This study aimed to investigate the relationship of general and central obesity with diet quality in Iranian women by 2010 version of Healthy Eating Index (HEI-2010).

Methods:

A total of 460 women aged 20 - 50 years old participated in this cross-sectional study. Dietary intake data was collected using a validated food frequency questionnaire. Anthropometric assessment was performed by standard methods and HEI-2010 was used to investigate diet quality. The association between HEI-2010 and general/central obesity was analyzed by logistic regression.

Results:

The frequency of general and central obesity was 31 (15.1%) and 95 (21.5%), respectively. Of the participants, 330 (74.8%) had a low HEI-2010 total score. After adjusting for confounders, those with the high HEI-2010 total score had lower risk of central obesity (OR = 0.3; CI 95%: 0.14 - 0.70); however, the results were not significant for general obesity. Among the components of HEI-2010, the scores of dairy, total vegetables, empty calorie foods, refined grains and sodium were negatively associated with both general and central obesity (P ≤ 0.05).

Conclusions:

Lower risk of general and abdominal obesity is associated with a higher quality of dietary intake. Furthermore, the nutrition education programs for preventing obesity should be emphasized to promote higher intakes of dairy, fruits and vegetables and preventing high consumption of energy-dense foods and sodium.

1. Background

Overweight and obesity rates have dramatically increased through the past decades (1). A meta-analysis in 2017 reported the mean prevalence of obesity in > 18-year-old Iranian adults as 15.1% between 2000 and 2013 (1). Excessive body weight is associated with numerous chronic diseases including diabetes, metabolic syndrome, cardiovascular diseases, and cancer (2, 3) and higher mortality rates have been reported among obese people (4, 5). Body mass index (BMI) is generally used in determining general obesity, while waist circumference (WC) reflects the central obesity and is used for evaluating health risk (6).

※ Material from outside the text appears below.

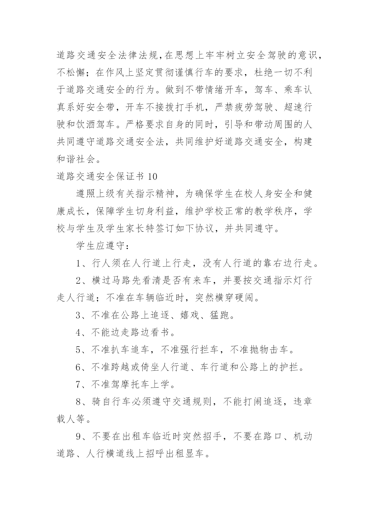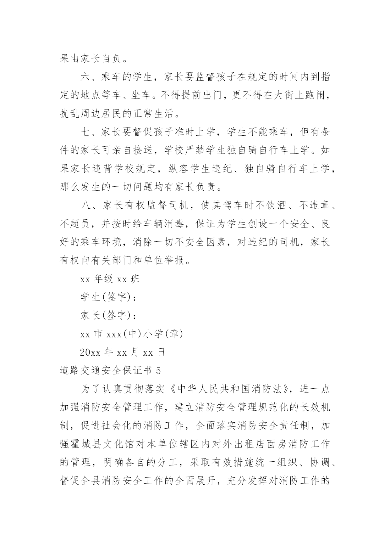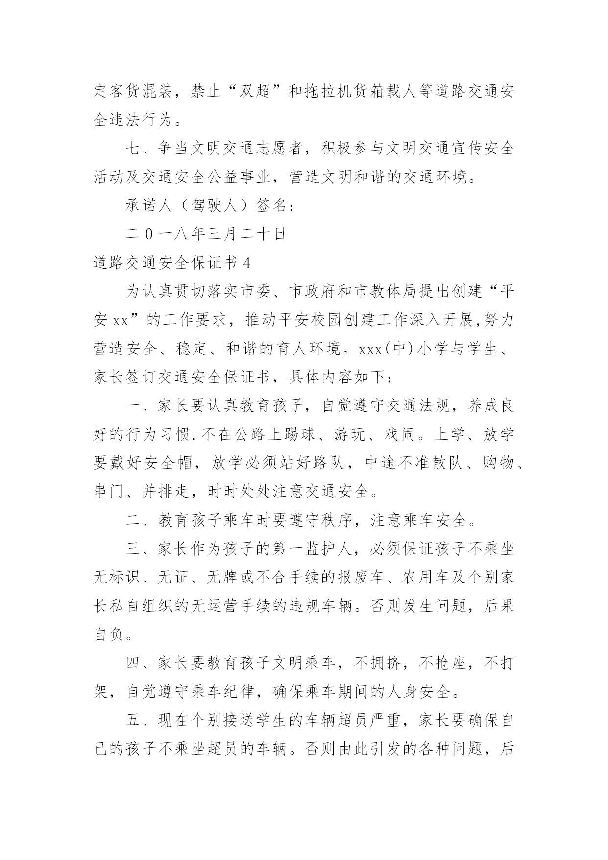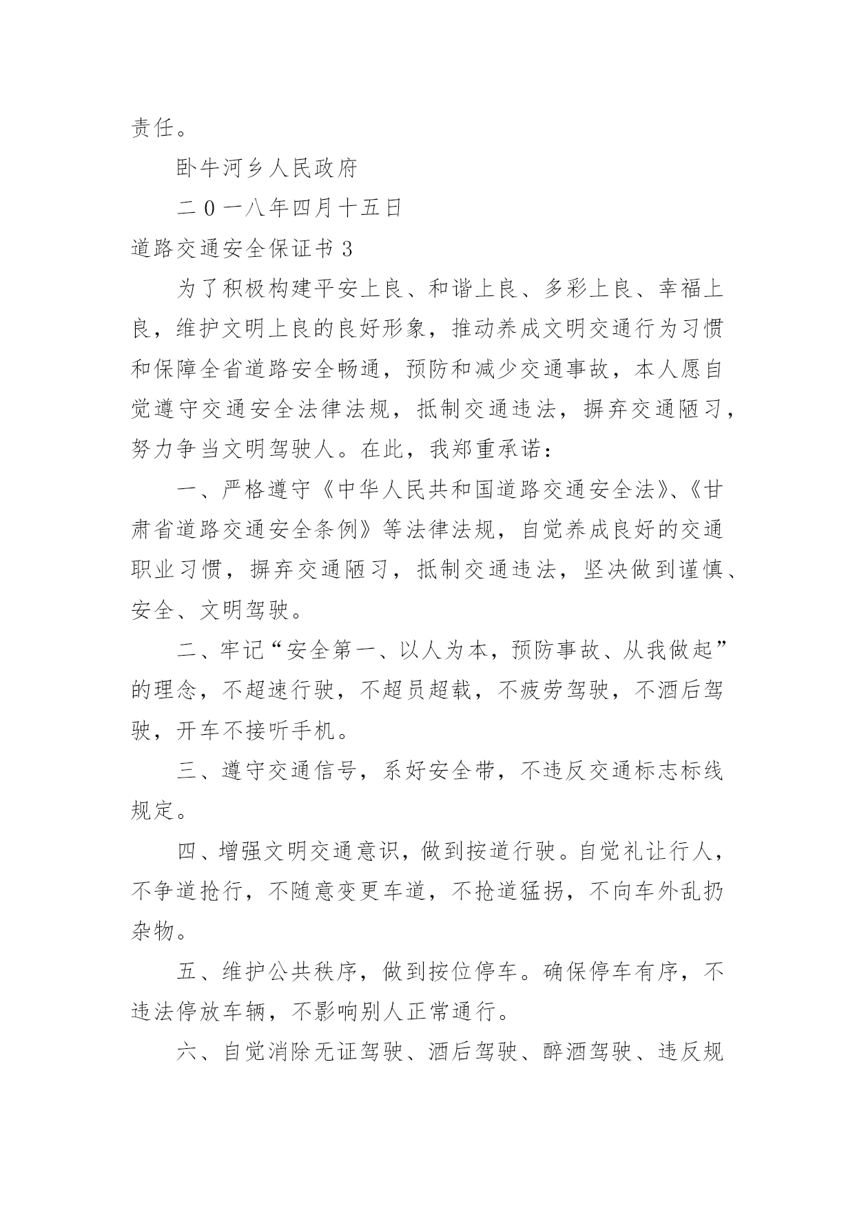 道路交通安全保证书道路交通安全保证书12篇在当下社会,保证书的使用成为日常生活的常态,保证书的具体行文需依照一般书信的格式。那么你真正懂得怎么写好保证书吗?下面是小编收集整理的道路交通安全保证书,供大家参考借鉴,希望可以帮助到有需要的朋友。道路交通安全保证书1一是公司对因工作需要外出办事的人员,实行统一派车制度,职工不得驾驶私有机动车办公事,不允许驾驶公车办私车,对违反规定者,发生交通事故由交通管理部门处理,公司不承担任何责任;二是公司专职驾驶员要认真学习《交通安全法》等法律法规。坚持出车前、行驶中、收车后的车辆检查,不开带病车,不酒后驾车,不无证驾车,不肇事逃逸,开文明车。自觉遵守单位的交通安全管理和日常管理;三是公司根据职工居住地区分布情况,配发了班车,因此,凡职工驾驶车辆、骑摩托车和自行车上下班者,属个人行为,如发生交通事故,公司不承担任何责任;四是根据钻二质安[20xx]4号和钻二[20xx]1号文《关于转发“关于禁止一线钻井职工在队期间回家的通知”的通知》的文件规定,钻井队职工在队上班和下班休息期间禁止回家,换班时职工必须统一乘坐公司安排的换班车,禁止驾车、骑摩托车和自车倒班,否则,发生交通事故公司不承担任何责任。为确保农村用车户生命财产安全,预防重特大道路交通事故的发生,用车户必须遵守以下规定:1、用车户必须具备驾驶车辆资格、证件齐全。2、无牌运营超过报废年限的车辆一律不得上路行驶。3、车辆驾乘人员必须严格遵守道路交通规则。4、非正式客运车辆一律禁止搭人载客。5、一律禁止把村屯内街道做为练习驾驶技术场所。如违反上述规定而造成意外交通事故,由用车户承担一切法律责任。xx乡人民政府20xx年x月xx日道路交通安全保证书2为确保农村用车户生命财产安全,预防重特大道路交通事故的发生,用车户必须遵守以下规定:1、用车户必须具备驾驶车辆资格、证件齐全。2、无牌运营超过报废年限的车辆一律不得上路行驶。3、车辆驾乘人员必须严格遵守道路交通规则。4、非正式客运车辆一律禁止搭人载客。5、一律禁止把村屯内街道做为练习驾驶技术场所。如违反上述规定而造成意外交通事故,由用车户承担一切法律责任。卧牛河乡人民政府二0一八年四月十五日道路交通安全保证书3为了积极构建平安上良、和谐上良、多彩上良、幸福上良,维护文明上良的良好形象,推动养成文明交通行为习惯和保障全省道路安全畅通,预防和减少交通事故,本人愿自觉遵守交通安全法律法规,抵制交通违法,摒弃交通陋习,努力争当文明驾驶人。在此,我郑重承诺:一、严格遵守《中华人民共和国道路交通安全法》、《甘肃省道路交通安全条例》等法律法规,自觉养成良好的交通职业习惯,摒弃交通陋习,抵制交通违法,坚决做到谨慎、安全、文明驾驶。二、牢记“安全第一、以人为本,预防事故、从我做起”的理念,不超速行驶,不超员超载,不疲劳驾驶,不酒后驾驶,开车不接听手机。三、遵守交通信号,系好安全带,不违反交通标志标线规定。四、增强文明交通意识,做到按道行驶。自觉礼让行人,不争道抢行,不随意变更车道,不抢道猛拐,不向车外乱扔杂物。五、维护公共秩序,做到按位停车。确保停车有序,不违法停放车辆,不影响别人正常通行。六、自觉消除无证驾驶、酒后驾驶、醉酒驾驶、违反规定客货混装,禁止“双超”和拖拉机货箱载人等道路交通安全违法行为。七、争当文明交通志愿者,积极参与文明交通宣传安全活动及交通安全公益事业,营造文明和谐的交通环境。承诺人(驾驶人)签名:二0一八年三月二十日道路交通安全保证书4为认真贯切落实市委、市政府和市教体局提出创建“平安xx”的工作要求,推动平安校园创建工作深入开展,努力营造安全、稳定、和谐的育人环境。xxx(中)小学与学生、家长签订交通安全保证书,具体内容如下:一、家长要认真教育孩子,自觉遵守交通法规,养成良好的行为习惯.不在公路上踢球、游玩、戏闹。上学、放学要戴好安全帽,放学必须站好路队,中途不准散队、购物、串门、并排走,时时处处注意交通安全。二、教育孩子乘车时要遵守秩序,注意乘车安全。三、家长作为孩子的第一监护人,必须保证孩子不乘坐无标识、无证、无牌或不合手续的报废车、农用车及个别家长私自组织的无运营手续的违规车辆。否则发生问题,后果自负。四、家长要教育孩子文明乘车,不拥挤,不抢座,不打架,自觉遵守乘车纪律,确保乘车期间的人身安全。五、现在个别接送学生的车辆超员严重,家长要确保自己的孩子不乘坐超员的车辆。否则由此引发的各种问题,后果由家长自负。六、乘车的学生,家长要监督孩子在规定的时间内到指定的地点等车、坐车。不得提前出门,更不得在大街上跑闹,扰乱周边居民的正常生活。七、家长要督促孩子准时上学,学生不能乘车,但有条件的家长可亲自接送,学校严禁学生独自骑自行车上学。如果家长违背学校规定,纵容学生违纪、独自骑自行车上学,那么发生的

Abdominal obesity, as one of the components of metabolic syndrome, is introduced as a major risk factor for cardiovascular diseases and the first cause of mortality, particularly in developing countries (6). Recent epidemiological studies of health outcomes including obesity and diet have changed the focus to overall diet quality and dietary pattern rather than individual nutrients due to the antagonist or synergistic effects of various nutrients on developing or preventing diseases (7, 8). Nutritional adequacy is a scale for assessing the overall quality of diet and adherence to dietary guidelines (9-11). Healthy dietary patterns can predict obesity (12) and previous research has reported relationships between HEI and risk biomarkers of diseases. Inverse relationships have been also reported between HEI and some inflammatory indices (13-15).

2. Objectives

Total HEI score provides an estimate of overall diet quality, while its component scores help study important components of diet (16). Hence, this study aimed to assess the relationship between HEI and the component scores as well as central and general obesity among adult women living in Tehran, Iran.

3. Methods

3.1. Subjects

According to a study that assessed the relationship between diet quality and metabolic syndrome (9) in women presenting to the Endocrinology Center of Tehran University of Medical Sciences, the study population was calculated using below equation:

N each group=2(z1-β+z1-α2)2 p(1-p)(P1-P2)2

Where β = 0.1; α = 0.05; P1 = 0.575; P2 = 0.43.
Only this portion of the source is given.